→ **Brief**
Print out the data below in full and exactly, skipping the pictures.

[[ Information supplied, beginning ]]

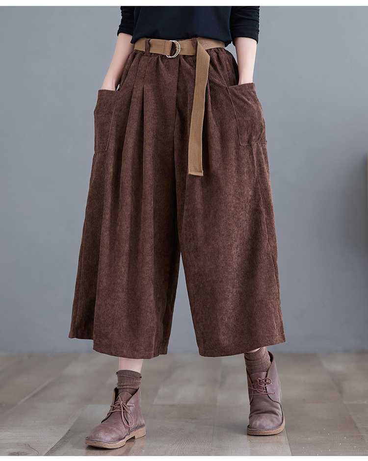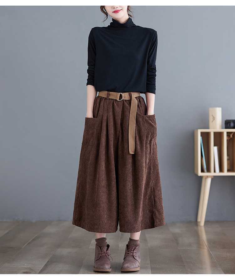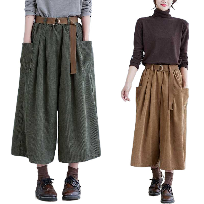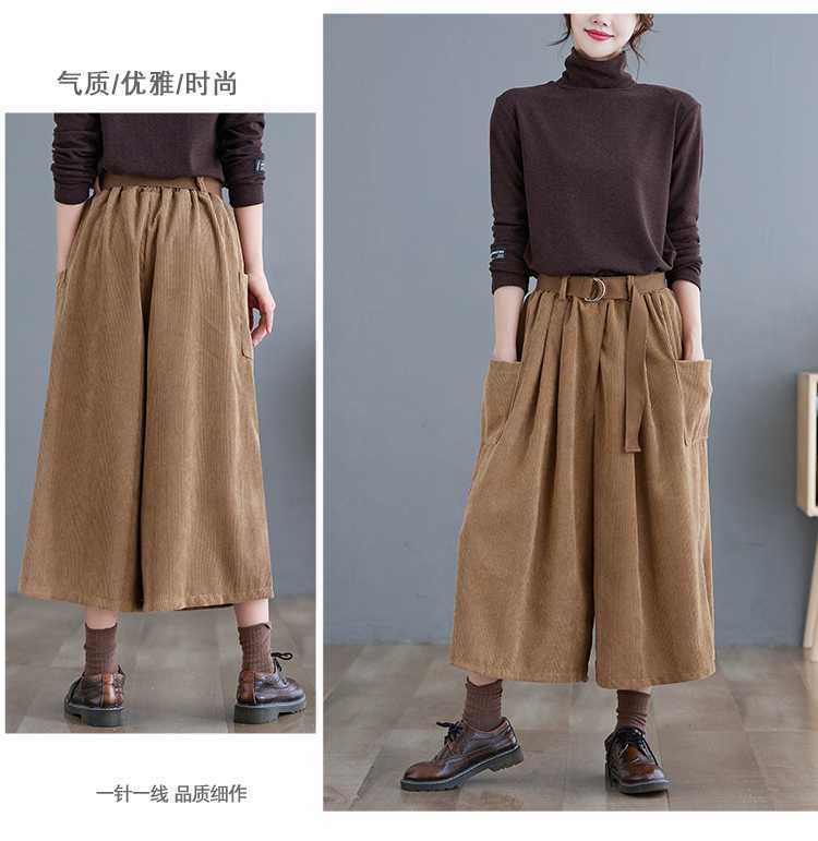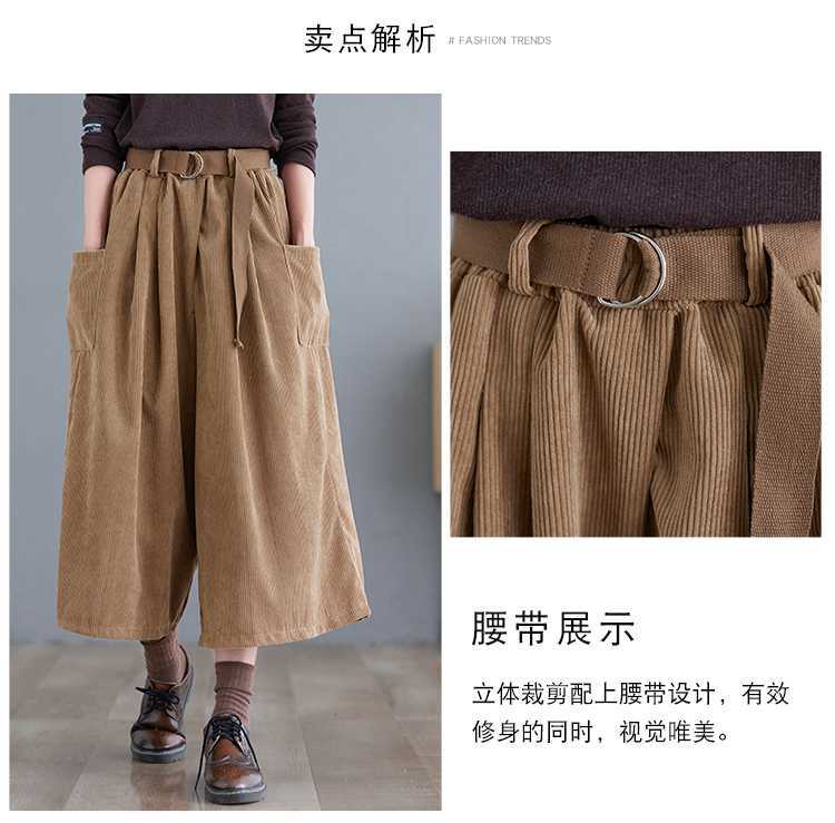 Реальный выстрел вельветовая юбка женские эластичный пояс, рыхлый, тонкий, универсальный широкий штаны
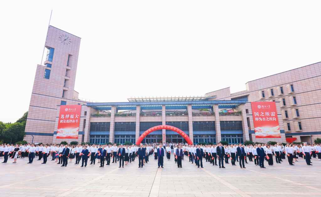 弘扬爱国精神,砥砺强国之志,凝聚奋进力量,10月1日清晨,福州大学各校区同步举行庆祝中华人民共和国成立76周年升国旗仪式。在旗山校区福万广场,校领导陈国龙、吴明红、王向阳、黄阿火、杨黄浩、王心晨、郑煦林、张亚雷、江莉龙、邱挺、卢孝强,学校机关各部门、各单位主要负责人,各学院主要负责人,全体学生政工干部及师生代表参加升旗仪式。
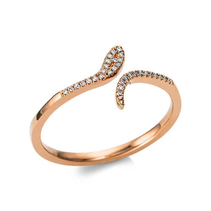 ring 18 kt RG "Snake", 32 diamonds 0,04 ct, G-si, w:9,1 mm, width:54

[[ Information supplied, end ]]

→ **Worked solution**
 Реальный выстрел вельветовая юбка женские эластичный пояс, рыхлый, тонкий, универсальный широкий штаны
 弘扬爱国精神,砥砺强国之志,凝聚奋进力量,10月1日清晨,福州大学各校区同步举行庆祝中华人民共和国成立76周年升国旗仪式。在旗山校区福万广场,校领导陈国龙、吴明红、王向阳、黄阿火、杨黄浩、王心晨、郑煦林、张亚雷、江莉龙、邱挺、卢孝强,学校机关各部门、各单位主要负责人,各学院主要负责人,全体学生政工干部及师生代表参加升旗仪式。
 ring 18 kt RG "Snake", 32 diamonds 0,04 ct, G-si, w:9,1 mm, width:54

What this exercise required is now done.